With millions of people doing the similar analysis on the basis of similar information, how often will stocks become mispriced? And how regularly can one detect those? Answer – not often and not dependably. But that is the essence of second level thinking. The first test is always the same, when receiving information – “and who doesn’t know that?” Second level thinkers depend on inefficiency. Where do the errors come from?
The most important thing is….. understanding risk
Investing consists of exactly one thing: dealing with the future and because none of us know the future with certainty, risk is inescapable – thus dealing with it is essential. When you’re considering an investment, your decision should be a function of the risk entailed as well as the potential return. Because their dislike for risk, investors have to be bribed with higher prospective returns to take incremental risks. Markets set themselves up so that risker assets appear to offer higher returns If that weren’t the case, then who’d buy them?
Riskier investments are those for which the outcome is less certain. The probability distributions are much wider. Higher expected returns, includes possibility of lower returns and in some cases, some losses.
The most important thing is…. recognizing risk
Recognizing risk often starts with understanding when investors are paying it too little heed, being too optimistic and paying too much for a given asset as a result. High risk, in other words comes with higher prices. Whether it be an individual security or other asset that is overrated and thus overpriced, or an entire market that’s been borne aloft by bullish sentiment and is thus sky high, participating when prices are high rather than shying away is the main source of risk.
Along the upward swing of the pendulum, people forget that truth and and embrace risk to the excess. In bull markets, people say “risk is my friend. The greater risk I take, the greater my return will be – I’d like more risk please”. Risk tolerance is antithetical to successful investing. When people aren’t afraid of risk, they’ll accept it without being compensated to do so, and risk compensation will disappear. This is a simple and inevitable relationship. There are fewer things riskier than the widespread belief that there’s no risk.

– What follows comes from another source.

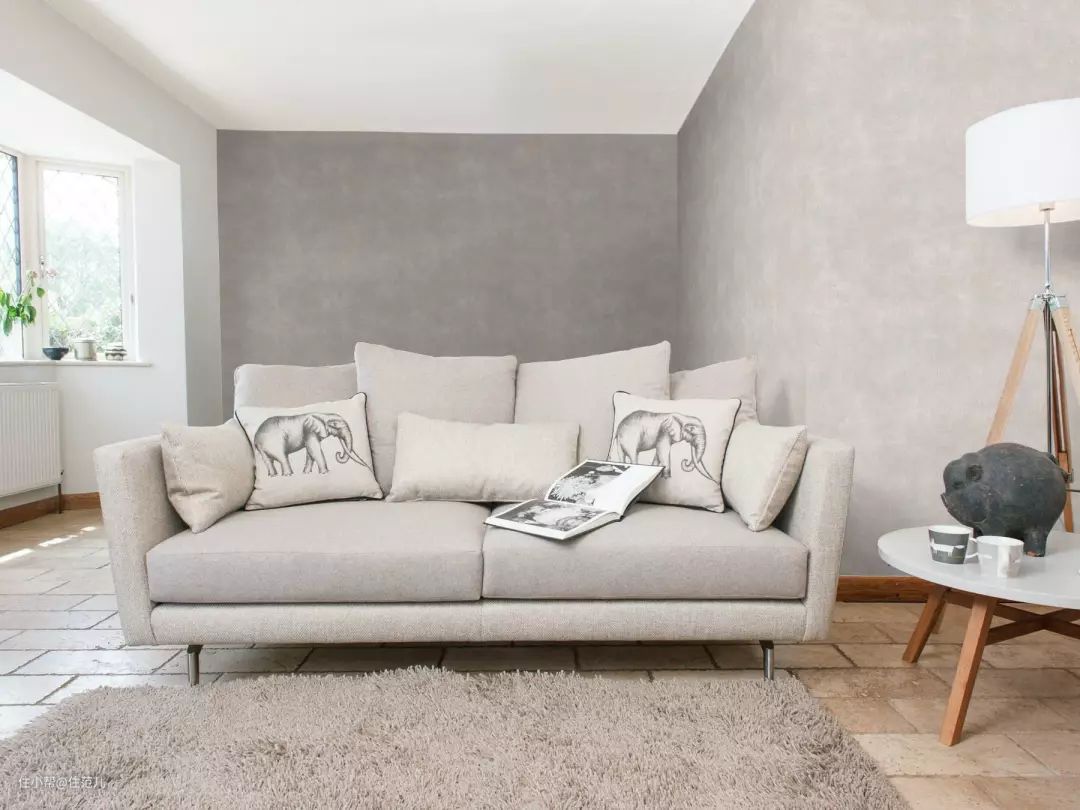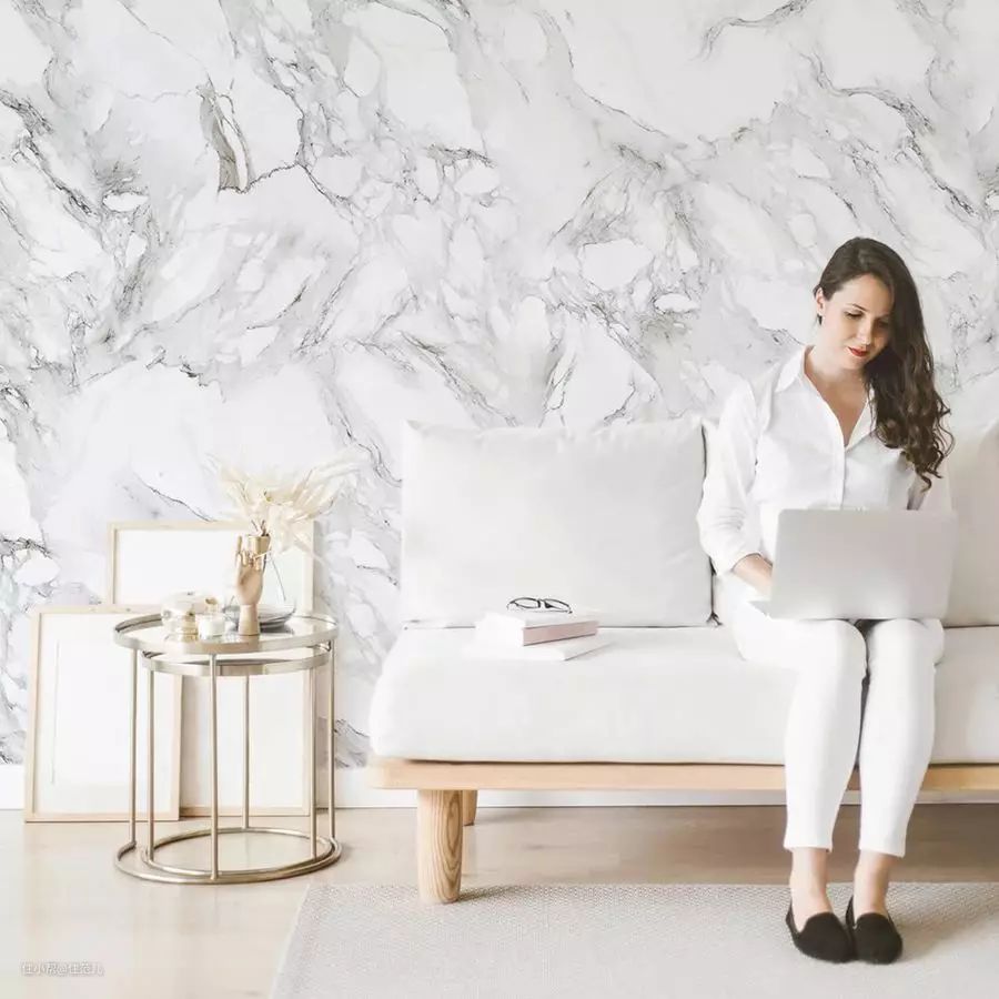 预算不够做大理石的背景墙,就贴个仿大理石纹理的壁纸吧,还能实现“无缝铺贴”效果。仿清水混凝土的壁纸同理。

Whatever awards are presented for risk, they’re never given out in good times. The reason risk is covert, is because it’s invisible. Risk the possibility of loss is not observable. What is observable Is loss, and loss generally happens when risk collides with negative events. Germs cause illness, but germs themselves are not illness. We might say illness is what results when germs take hold. Homes in California may or may not have construction flaws, that would make them collapse during Earthquakes. We find out only when earthquake occurs. Likewise, loss is what happens when risk meets adversity.